Karuna tersenyum kecil, tapi matanya menunjukkan keraguan. “Ethan, sekolah ini bagus, tapi kita harus pikirkan dulu, ya. Mama harus memastikan semuanya sesuai.”
Ethan tampak kecewa, tapi ia mengangguk pelan. Dirga, yang sejak tadi diam, akhirnya angkat bicara. “Karuna, kalau Ethan benar-benar ingin sekolah di sini, mungkin kita bisa cari cara. Aku bisa bantu sedikit kalau kamu mau?”
Karuna menoleh ke Dirga. “Dirga, aku nggak bisa menerima itu. Ini tanggung jawab aku, bukan kamu.”
“Tapi, aku cuma mau ngebantu. Bukan cuma untuk Ethan, tapi juga untukmu.” jawab Dirga dengan lembut.
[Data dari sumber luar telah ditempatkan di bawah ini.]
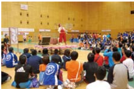
交流会の楽しいパフォーマンス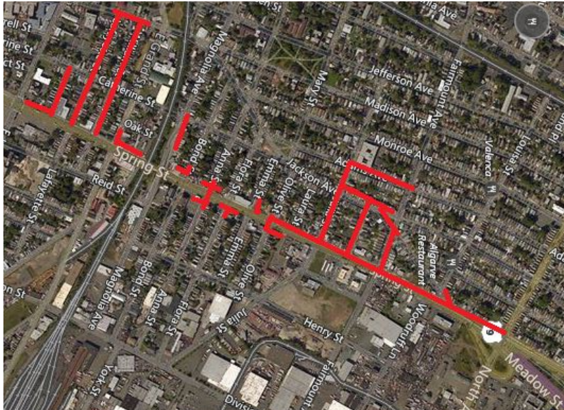
Mapa del proyecto, calles afectadas resaltadas en rojo (arriba)

Karuna terdiam, mencoba mencerna kata-kata Dirga. Hatinya penuh dengan rasa terima kasih, tapi juga rasa bersalah. Ia tahu Dirga hanya ingin yang terbaik, tapi ia juga tak ingin terlalu bergantung padanya.
Setelah perjalanan panjang itu, mereka kembali ke rumah. Ethan terlihat lelah, tapi tetap bersemangat membicarakan sekolah yang ia inginkan. Sementara itu, Karuna duduk di ruang tamu, merenungkan semuanya. Dirga duduk di seberangnya, menatapnya dengan penuh pengertian.
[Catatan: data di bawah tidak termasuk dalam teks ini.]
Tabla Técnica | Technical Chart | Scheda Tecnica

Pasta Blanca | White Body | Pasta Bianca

“Karuna, aku nggak mau memaksa kamu. Aku cuma mau kamu tahu kalau aku ada di sini buat ngebantu kamu,”
Karuna menatapnya, dengan mata yang sedikit berkaca-kaca. “Makasih, Dir. Aku benar-benar ngehargai semua yang kamu lakuin. Tapi aku harus pikirit ini baik-baik oke? Aku memang mau yang terbaik buat Ethan, tapi aku juga harus realistis.”
Dirga mengangguk, lalu tersenyum. “Aku tahu kamu akan menemukan jalan keluarnya, Karuna. Kamu ibu yang hebat.”
Malam itu, setelah Ethan tidur, Karuna duduk sendirian di kamarnya, memandangi berkas pendaftaran dari kedua sekolah itu. Pikirannya terus berputar, tapi satu hal yang ia tahu pasti: ia akan melakukan apa pun demi kebahagiaan dan masa depan Ethan, meskipun itu berarti harus berkorban lebih banyak.